> Exercise prompt
Omit the pictures and return exactly the stretch of the material below from the line with "This classic opal" through the line with "From Romantic Rose".

> Data for this exercise
*** Block opens ***
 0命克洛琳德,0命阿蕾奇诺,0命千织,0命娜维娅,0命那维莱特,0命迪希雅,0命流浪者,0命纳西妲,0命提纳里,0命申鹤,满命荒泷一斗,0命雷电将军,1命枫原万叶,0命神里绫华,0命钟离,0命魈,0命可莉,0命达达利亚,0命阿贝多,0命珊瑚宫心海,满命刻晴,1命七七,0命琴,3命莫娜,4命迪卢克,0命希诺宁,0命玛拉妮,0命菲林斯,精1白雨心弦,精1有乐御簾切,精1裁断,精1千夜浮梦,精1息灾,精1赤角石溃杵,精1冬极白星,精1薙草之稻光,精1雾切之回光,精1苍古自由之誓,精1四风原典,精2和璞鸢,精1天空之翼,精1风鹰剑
*** Block closes ***
*** Block opens ***
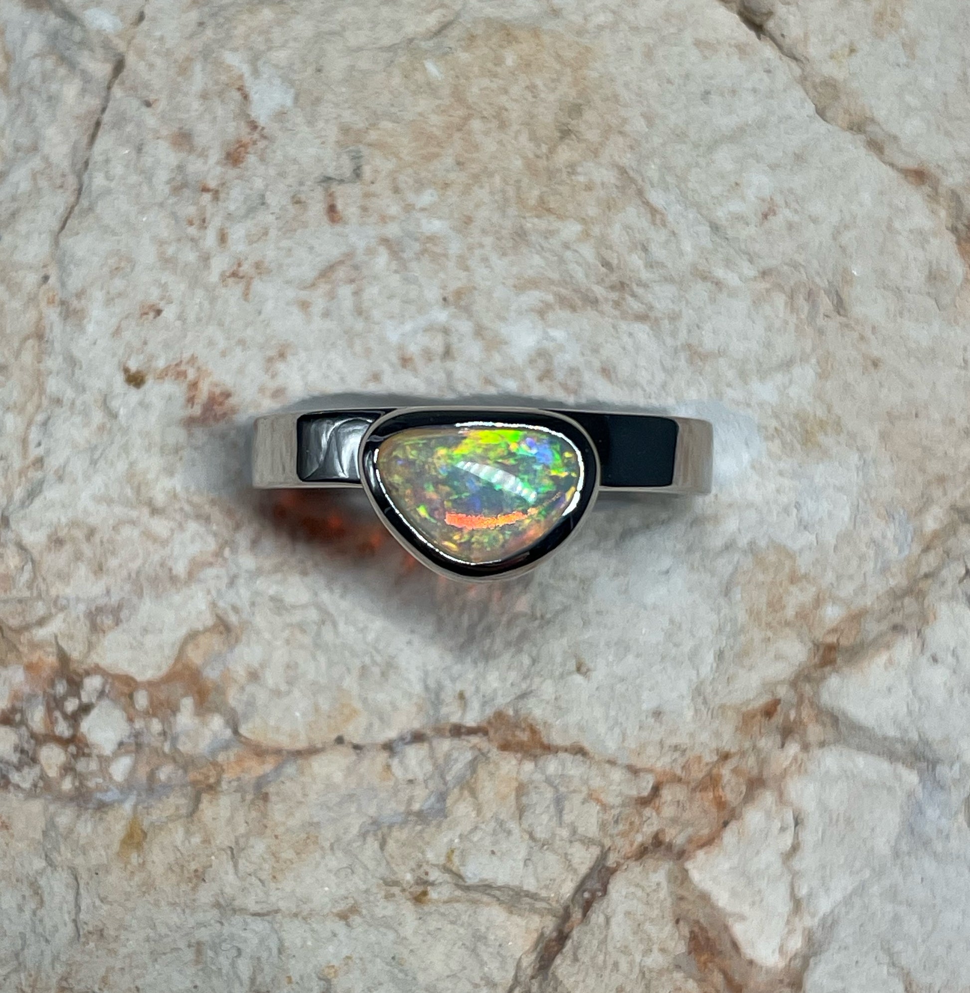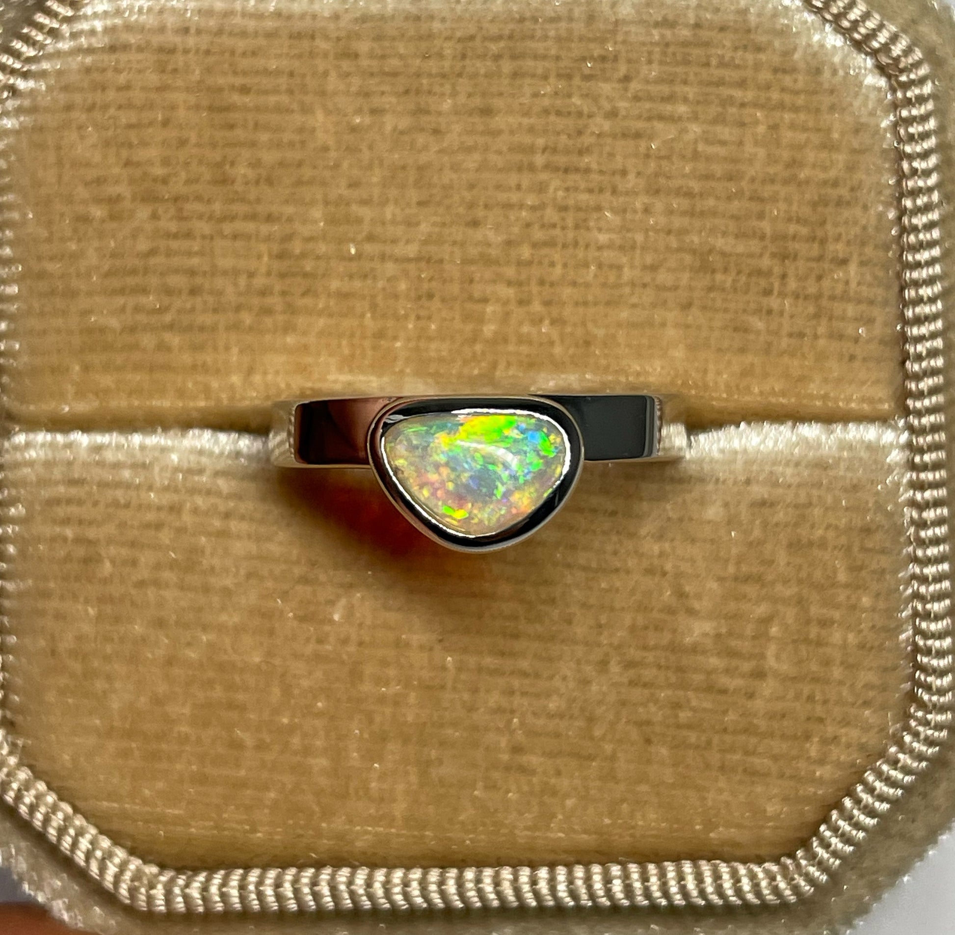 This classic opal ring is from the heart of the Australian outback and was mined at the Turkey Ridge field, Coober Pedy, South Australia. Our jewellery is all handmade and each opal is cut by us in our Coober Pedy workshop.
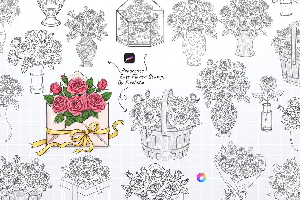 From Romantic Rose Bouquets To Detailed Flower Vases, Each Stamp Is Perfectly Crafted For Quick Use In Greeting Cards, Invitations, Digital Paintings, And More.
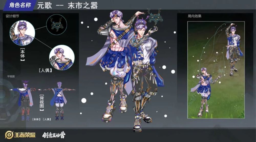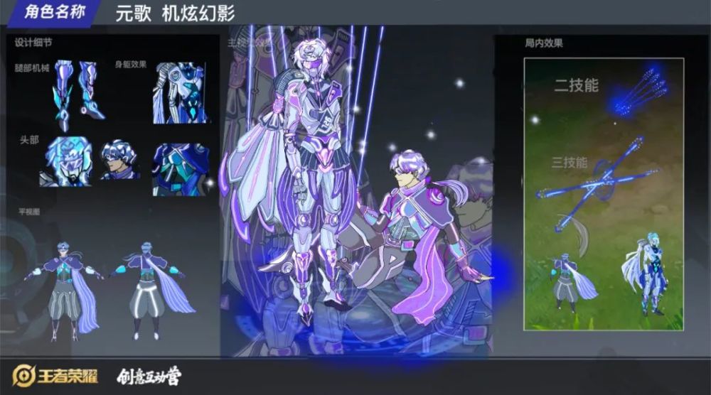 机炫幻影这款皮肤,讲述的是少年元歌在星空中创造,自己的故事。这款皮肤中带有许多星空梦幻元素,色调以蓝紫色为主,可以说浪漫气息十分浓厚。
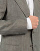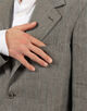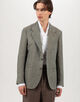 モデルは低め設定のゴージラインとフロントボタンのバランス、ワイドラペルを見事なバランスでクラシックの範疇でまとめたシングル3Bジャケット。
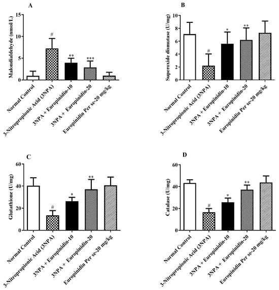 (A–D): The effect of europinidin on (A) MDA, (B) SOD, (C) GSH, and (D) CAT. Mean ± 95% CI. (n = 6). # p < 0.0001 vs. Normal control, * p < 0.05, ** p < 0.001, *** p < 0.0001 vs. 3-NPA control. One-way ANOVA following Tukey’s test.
*** Block closes ***
> Response area
 This classic opal ring is from the heart of the Australian outback and was mined at the Turkey Ridge field, Coober Pedy, South Australia. Our jewellery is all handmade and each opal is cut by us in our Coober Pedy workshop.
 From Romantic Rose Bouquets To Detailed Flower Vases, Each Stamp Is Perfectly Crafted For Quick Use In Greeting Cards, Invitations, Digital Paintings, And More.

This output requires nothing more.